Huh? The current economic situation has nothing to do with speculation and everything to do with the real estate bubble. I’m not sure why you’re singling out venture capital funds here anyway, and you mentioned already that naked short selling is against the rules–gee, hell of a lotta good the SEC’s regulations did if short selling was, in fact, the problem.

FitzInSV says:

SilverSliver((

SilverSliver,

You are not wrong about the trading strategy being employed by some investors, however you are wrong to assume it is a venture fund doing so.

Venture funds generally invest in early stage private companies that do not have public debt or a cds market. Further, those portfolio companies that directly employ leverage for capital efficiency purposes are most often restricted to asset based loans which are highly conservative in their covenants and risk profile.

I know of no venture fund that uses everages to stretch its capital base; indeed, most are prohibited by the terms of their fund indenture or partnership agreement. Plus, using bank debt to finance a portfolio that has a substantially longer duration would be a recipe for disaster (not that bad financial logic is sufficiently preventative).

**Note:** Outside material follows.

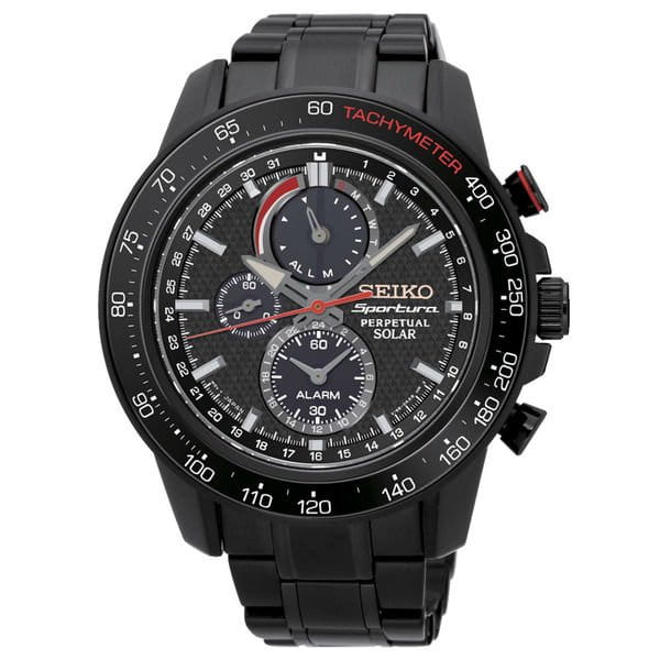 Эффектные мужские часы в современным дизайном. Механизм работает от солнечной энергии, калибр Seiko V198. Корпус круглой формы, с черным аналоговый циферблатом, и браслет выполнены из нержавеющей стали с PVD покрытием. Сапфировое стекло устойчиво к царапинам. Оснащены функциями хронографа, вечного календаря и будильника. Водонепроницаемость 100 м.

Some one is guilty of adverse trading models, just not venture funds.

SilverSliver99 says:

Heres the problem. While theoretically there is a difference between Venture Capital and Hedge Funds (As the former invests money in startups and the latter uses leverage on stocks and bonds) The fact is the line has blurred. It doesn’t take much for a hedge fund to say they are a venture capital. In fact many do invest in startups. So rather then just watch every hedgie change to a venture capital while still dong the same thing, they just blanketed the group. A better solution may have been to make guidelines on what is what.

Anonymous Coward says:

Banks, Wall Street Firms, Hedge Funds, VC’s, Insurance companies, Life Insurance companies, auto manufacturers, whats next?

Health care, education.

The govt. wants to control our major industries. Not regulate, control. It wants to be the major player. Why else do you think that the government is refusing to accept the TARP money is has given to banks? Why do you think a major player, that wanted to pay back close to a billion dollars in taxpayer money back to the government, was not allowed to?

How would you feel if your bank wouldn’t accept your mortgage payment in full? How would you feel if your credit card company wouldn’t allow you to pay off your balance? You would think it wrong, correct?

r kumar v says:

Future of VC Sector

At the juncture where Venture Capital Industry Leaders are expressing the optimizam on the revival of VC actitivites. I want to know from the experts about the future situation of VC industry as I am trying to go for advance course in VC keeping in the mind to shift my carreer line from current line of Business Adminstration to VC consultancy line.